President Vladimir Putin ordered Russia’s military to increase its focus on the Arctic and finish plans by the end of the year to upgrade military bases in the resource-rich region where world powers jostle for control.
Speaking to Defense Minister Sergei Shoigu, Putin praised the military’s work in the Arctic, where Canada said on Monday it was claiming the North Pole as part of an broader claim on the region.
The United States, Denmark and Norway are also pressing for control of what they consider their fair share of massive untapped oil and natural gas reserves.
“I request that you pay special attention to the deployment of infrastructure and military units in the Arctic,” Putin said, speaking at a Defense Ministry board meeting.
“By the end of the year it is planned – and I expect it will be done … the renewal of the Tiksi airfield and completion of construction work on the Severomorsk-1 airfield,” he said in televised comments.
Russia has already completed work on renovating an airfield on the Novosibirsk Islands, Putin said, which was abandoned in 1993. Earlier this year Moscow sent 10 warships and four icebreakers to the islands in a show of force.

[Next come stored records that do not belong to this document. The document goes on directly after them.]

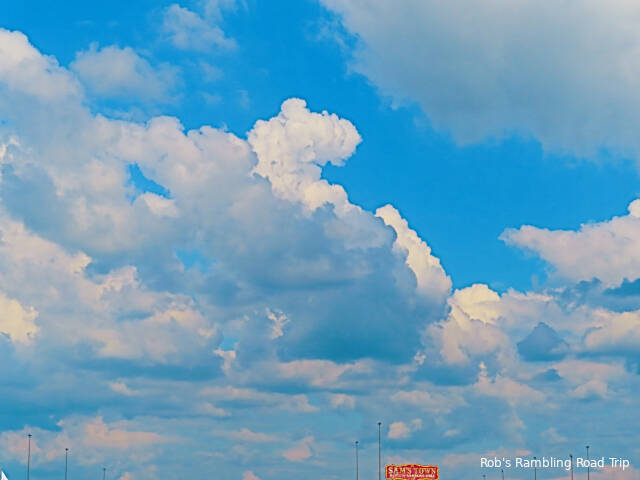 It was partly cloudy with a gentle breeze most of the day. The temperature peaked in the mid eighties. To the north, in the direction of Memphis, there was a lot more cloud cover. The TV news reported that there rain showers in the Memphis area. Just before sunset the sky to the north went from cloudy and gray to dark black. The weather that had lingered to the north all day was approaching this area. As I’m writing this blog entry it has been raining for about half an hour.
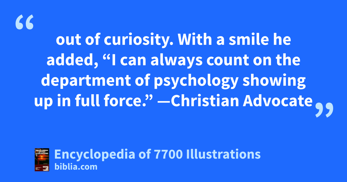 out of curiosity. With a smile he added, “I can always count on the department of psychology showing up in full force.” —Christian Advocate
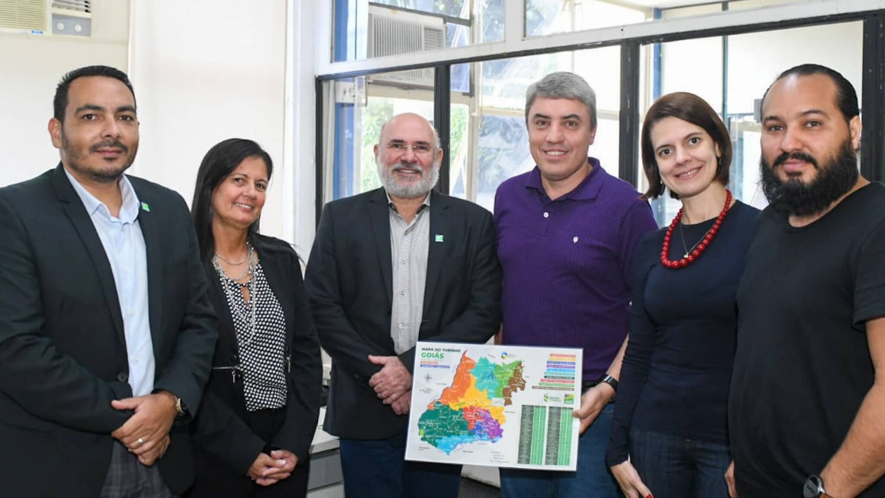 A expedição do Caminho de Cora foi o tema da reunião que trouxe até a ABC, na manhã desta terça-feira, 11, a equipe da Goiás Turismo formada pelo gerente de Estruturação de Destinos, Luciano Guimarães; o gerente de Marketing e Promoção, Rubens Ananias (Artero); e a assessora de comunicação Karine Pinheiro. Eles foram recebidos pelo presidente da Agência, José Roberto Leão; pelo diretor de Telerradiodifusão, Euler Barbosa; e pela ouvidora Darlene Bastos.

Underscoring Moscow’s sensitivity over Arctic claims, Russia arrested 30 people on board a Greenpeace ship during a September protest against Russian offshore Arctic drilling. They now face charges carrying seven year jail sentences.

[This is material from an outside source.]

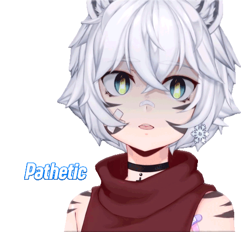 Bungotaiga, a white tiger Vtuber, stares blankly with the word 'Pathetic' displayed, conveying a dismissive mood.

Putin said earlier this week that Russia’s military presence in the Arctic was needed to protect against potential threats from the United States.
The U.S. Geological Survey says the Arctic contains 30 percent of the world’s undiscovered natural gas and 15 percent of oil.

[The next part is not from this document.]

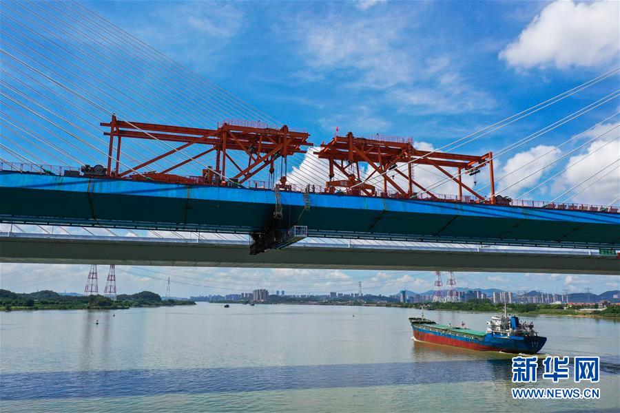 8月9日拍攝的廣州南沙港鐵路跨西江特大斜拉橋最后一塊鋼箱梁吊裝施工現(xiàn)場(無人機照片)。當(dāng)日,中鐵十一局承建的粵港澳大灣區(qū)基礎(chǔ)設(shè)施“硬聯(lián)通”重點工程——廣州南沙港鐵路跨西江特大斜拉橋完成最后一塊鋼箱梁吊裝作業(yè),大橋即將合龍。該橋位于廣東佛山市和江門市交界處,全長1117.5米。新華社記者劉大偉攝。

The world’s largest oil producer, Russia expects to see oil output decline at its mainstay western Siberian oilfields in coming years and has looked further afield to potential Arctic reserves.
Russia, Canada and Denmark all say an underwater mountain range known as the Lomonosov Ridge, which stretches 1,800 km (1,120 miles) across the pole under the Arctic Sea, is part of their own landmass.